- TASK ITEM: With both ends included, repeat exactly the lines of the entries below from the one containing "聞一多(1899年11月24" down to the one containing "The bathroom also", and no others.

- RAW DATA:

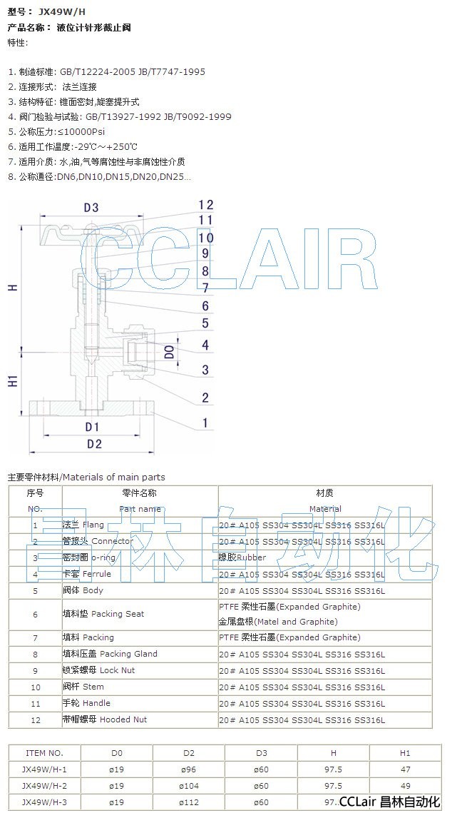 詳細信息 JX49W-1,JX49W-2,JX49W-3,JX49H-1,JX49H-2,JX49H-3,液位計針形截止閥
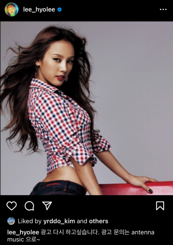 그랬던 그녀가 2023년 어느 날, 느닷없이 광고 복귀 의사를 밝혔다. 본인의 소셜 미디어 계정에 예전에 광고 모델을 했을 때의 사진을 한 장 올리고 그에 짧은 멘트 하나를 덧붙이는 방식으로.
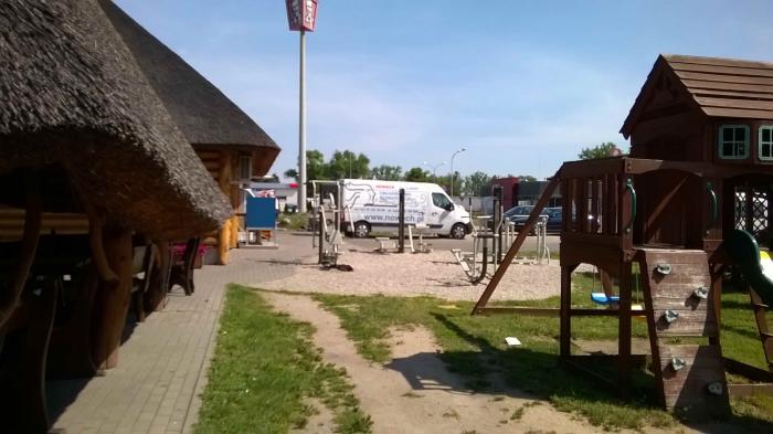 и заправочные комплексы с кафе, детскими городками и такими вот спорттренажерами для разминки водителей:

--

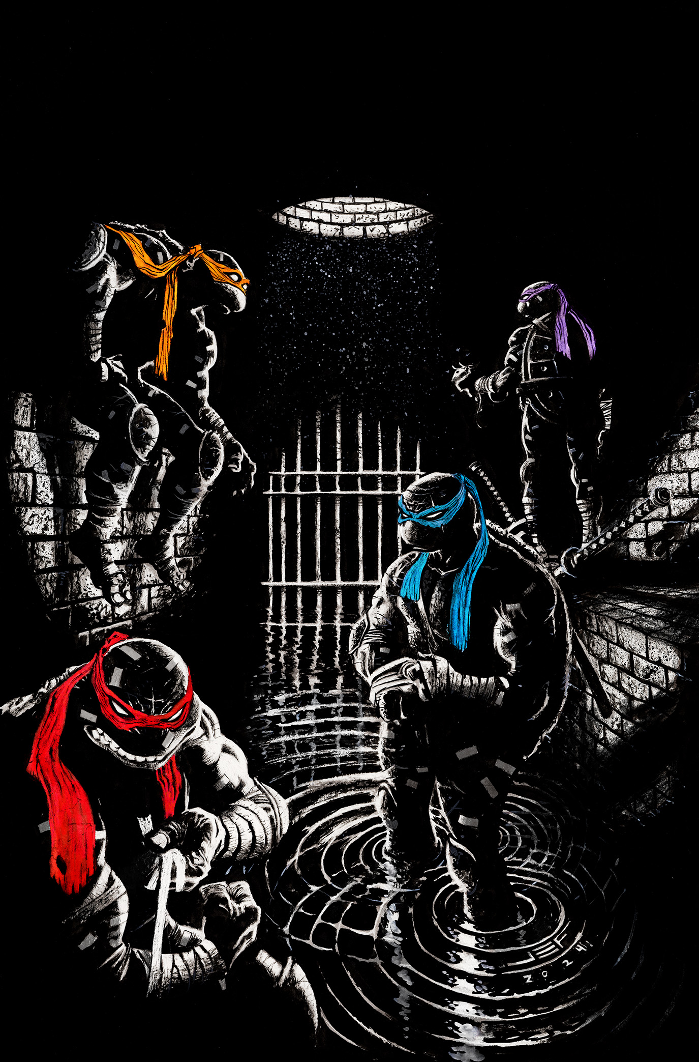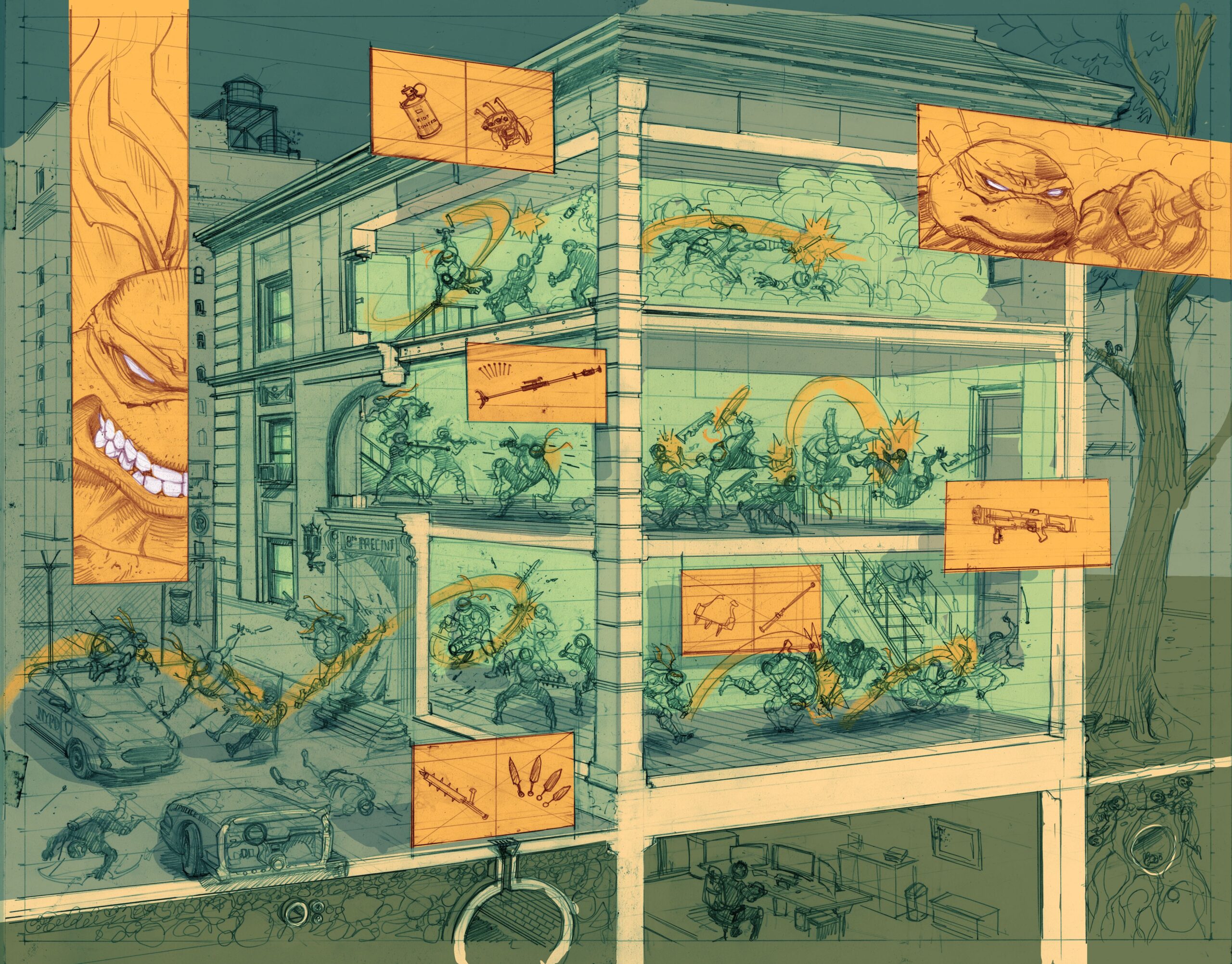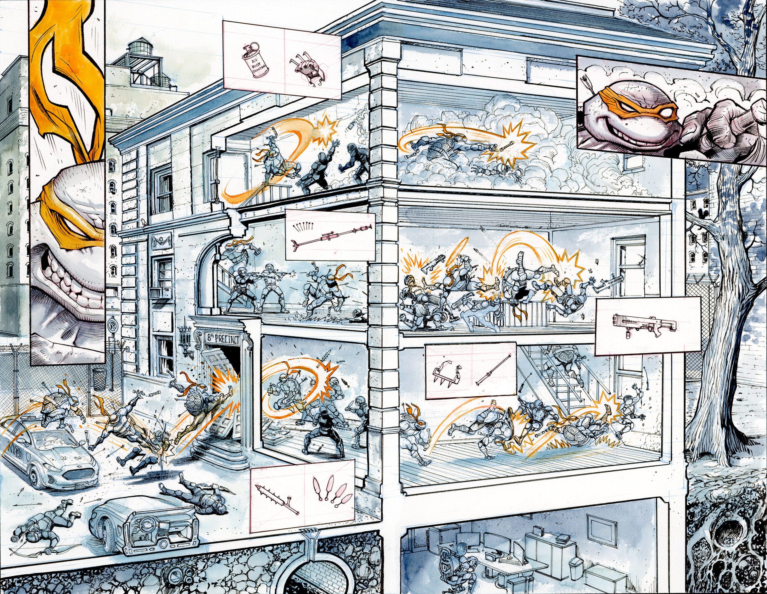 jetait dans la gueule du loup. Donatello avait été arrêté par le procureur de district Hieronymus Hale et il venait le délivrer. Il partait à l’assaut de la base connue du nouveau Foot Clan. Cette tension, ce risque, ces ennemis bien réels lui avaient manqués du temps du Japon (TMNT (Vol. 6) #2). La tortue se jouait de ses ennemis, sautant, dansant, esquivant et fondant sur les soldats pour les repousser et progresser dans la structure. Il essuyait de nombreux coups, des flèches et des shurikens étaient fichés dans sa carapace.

==

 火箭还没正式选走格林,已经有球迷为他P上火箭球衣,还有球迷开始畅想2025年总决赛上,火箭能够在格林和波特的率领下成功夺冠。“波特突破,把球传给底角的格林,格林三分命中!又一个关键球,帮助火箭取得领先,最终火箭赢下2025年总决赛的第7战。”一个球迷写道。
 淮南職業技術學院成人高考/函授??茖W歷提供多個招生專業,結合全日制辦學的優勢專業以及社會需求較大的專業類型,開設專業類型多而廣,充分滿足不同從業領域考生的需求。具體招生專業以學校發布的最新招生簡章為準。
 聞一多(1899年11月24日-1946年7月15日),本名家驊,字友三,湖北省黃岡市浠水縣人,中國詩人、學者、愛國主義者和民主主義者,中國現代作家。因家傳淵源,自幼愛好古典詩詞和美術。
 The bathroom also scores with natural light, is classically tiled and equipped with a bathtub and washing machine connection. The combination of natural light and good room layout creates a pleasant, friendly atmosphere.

- ANSWER SECTION:
 聞一多(1899年11月24日-1946年7月15日),本名家驊,字友三,湖北省黃岡市浠水縣人,中國詩人、學者、愛國主義者和民主主義者,中國現代作家。因家傳淵源,自幼愛好古典詩詞和美術。
 The bathroom also scores with natural light, is classically tiled and equipped with a bathtub and washing machine connection. The combination of natural light and good room layout creates a pleasant, friendly atmosphere.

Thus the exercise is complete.